◆ What is required: The whole listing needs retyping exactly; keep the pictures out of it.
*** Data excerpt ***
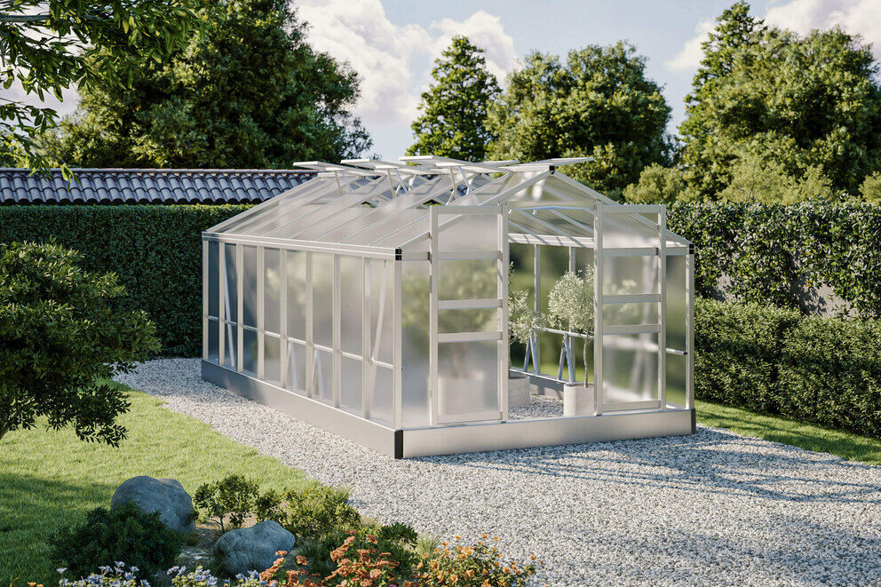 Hergestellt aus hochwertigem Aluminium in silberner Farbe ist dieses Gewächshaus nicht nur ein Blickfang, sondern auch besonders stabil und korrosionsbeständig. Dank seiner frostbeständigen und witterungsbeständigen Eigenschaften trotzt es problemlos wechselnden Wetterbedingungen und bietet optimalen Schutz für Ihre Pflanzen das ganze Jahr über. Der Innenraum mit einem großzügigen Volumen von ca. 12,25 m² eignet sich ideal für die Anzucht von Gemüse, Kräutern und Blumen.
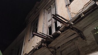 Αυτό το μπαλκόνι χάσκει πάνω από τα κεφάλια των διερχομένων στον 2ο όροφο στην γωνία Καναλά και Βενιζέλου.
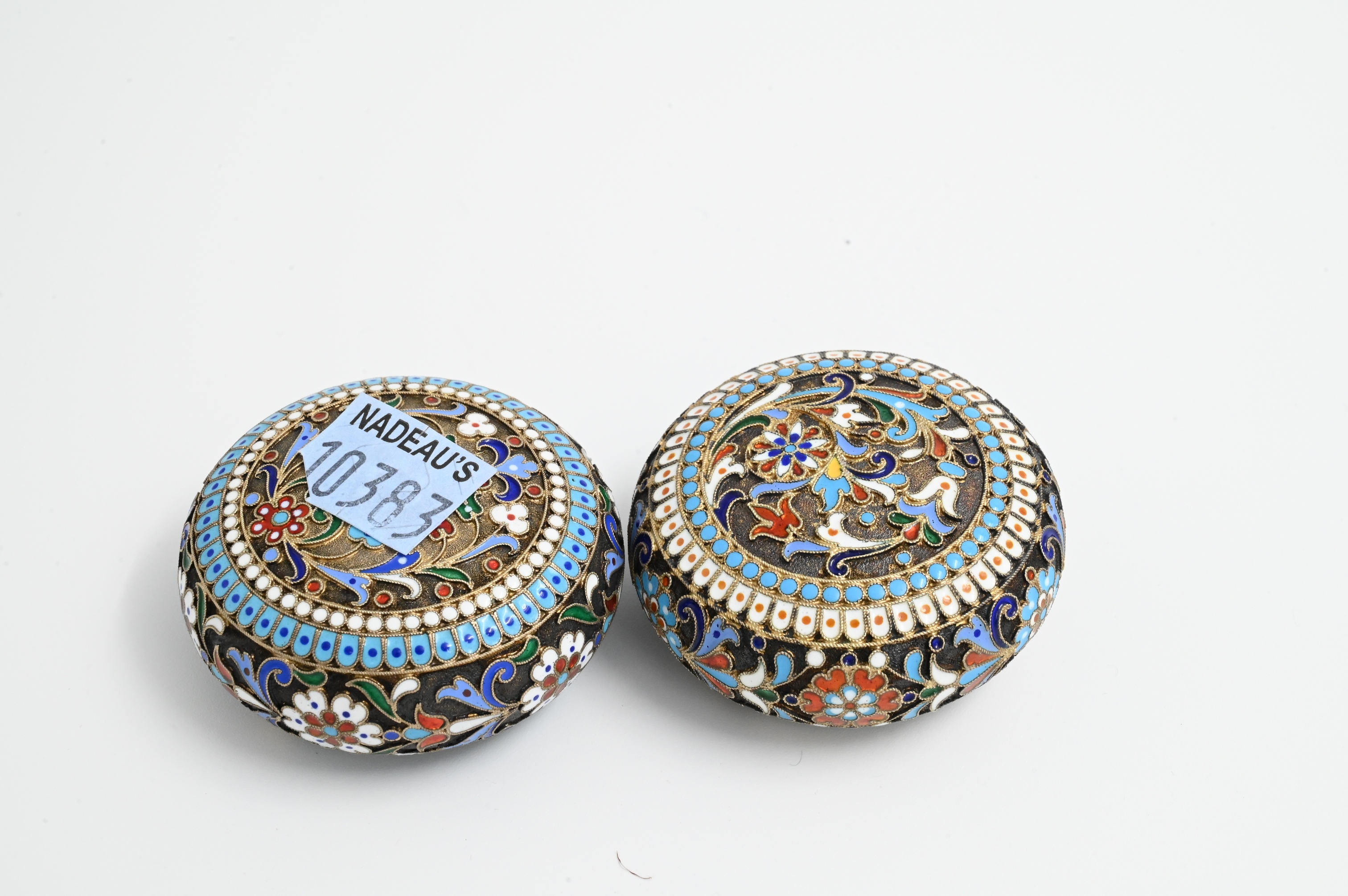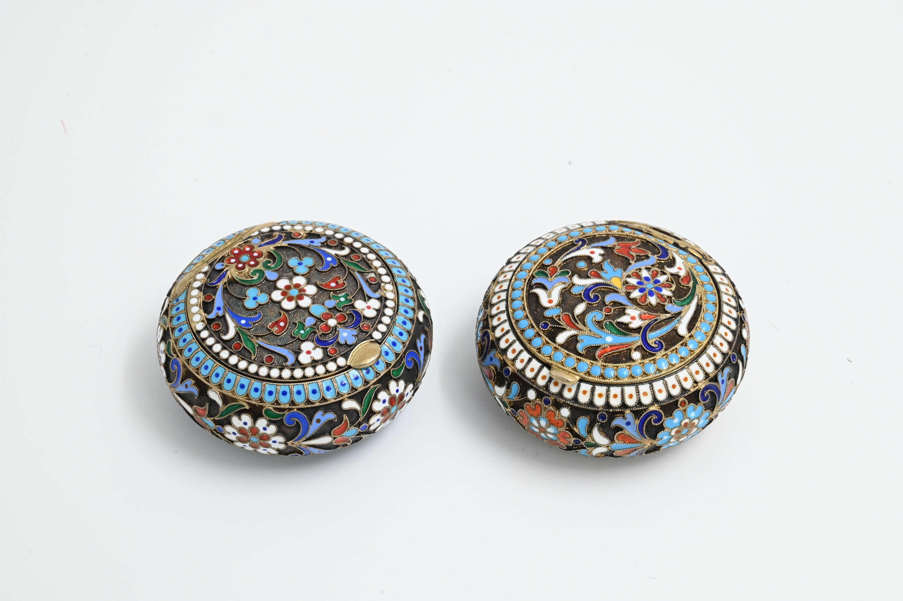 Lot 208: Two Russian Enamel Silver Pill Boxes
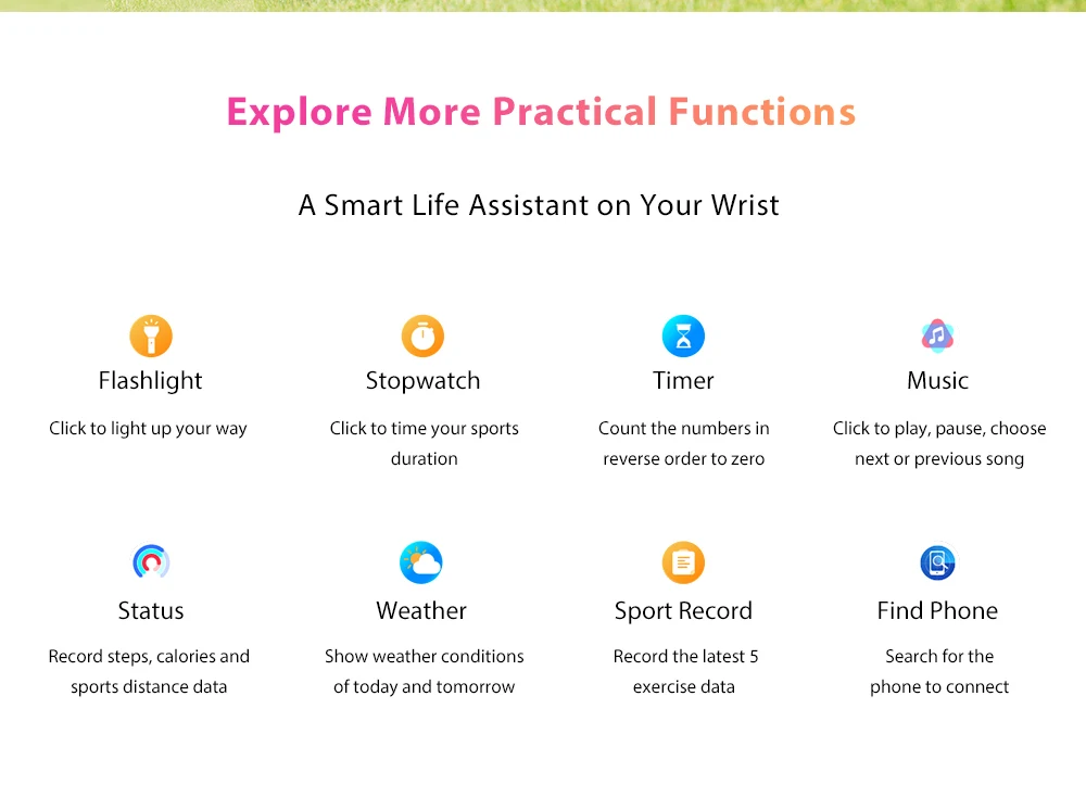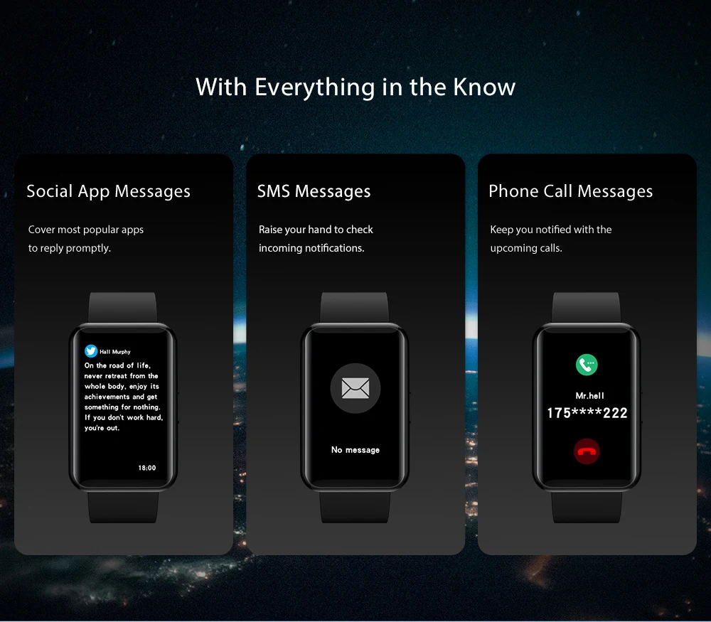 Q1.What phones is this watch compatible with ?A1.It is compatible with iOS 9.0 & higher, Android 6.0 & higher.Q2.Will this watch show push notifications? whatsapp,email, facebook.A2.Yes. Support WhatsApp, Facebook, Email, Skype, LinkedIn, Instagram, Twitter, Viber, line and so no. You can read the message content on the screen.
*** End of Data excerpt ***
◆ Solution for this problem:
 Hergestellt aus hochwertigem Aluminium in silberner Farbe ist dieses Gewächshaus nicht nur ein Blickfang, sondern auch besonders stabil und korrosionsbeständig. Dank seiner frostbeständigen und witterungsbeständigen Eigenschaften trotzt es problemlos wechselnden Wetterbedingungen und bietet optimalen Schutz für Ihre Pflanzen das ganze Jahr über. Der Innenraum mit einem großzügigen Volumen von ca. 12,25 m² eignet sich ideal für die Anzucht von Gemüse, Kräutern und Blumen.
 Αυτό το μπαλκόνι χάσκει πάνω από τα κεφάλια των διερχομένων στον 2ο όροφο στην γωνία Καναλά και Βενιζέλου.
 Lot 208: Two Russian Enamel Silver Pill Boxes
 Q1.What phones is this watch compatible with ?A1.It is compatible with iOS 9.0 & higher, Android 6.0 & higher.Q2.Will this watch show push notifications? whatsapp,email, facebook.A2.Yes. Support WhatsApp, Facebook, Email, Skype, LinkedIn, Instagram, Twitter, Viber, line and so no. You can read the message content on the screen.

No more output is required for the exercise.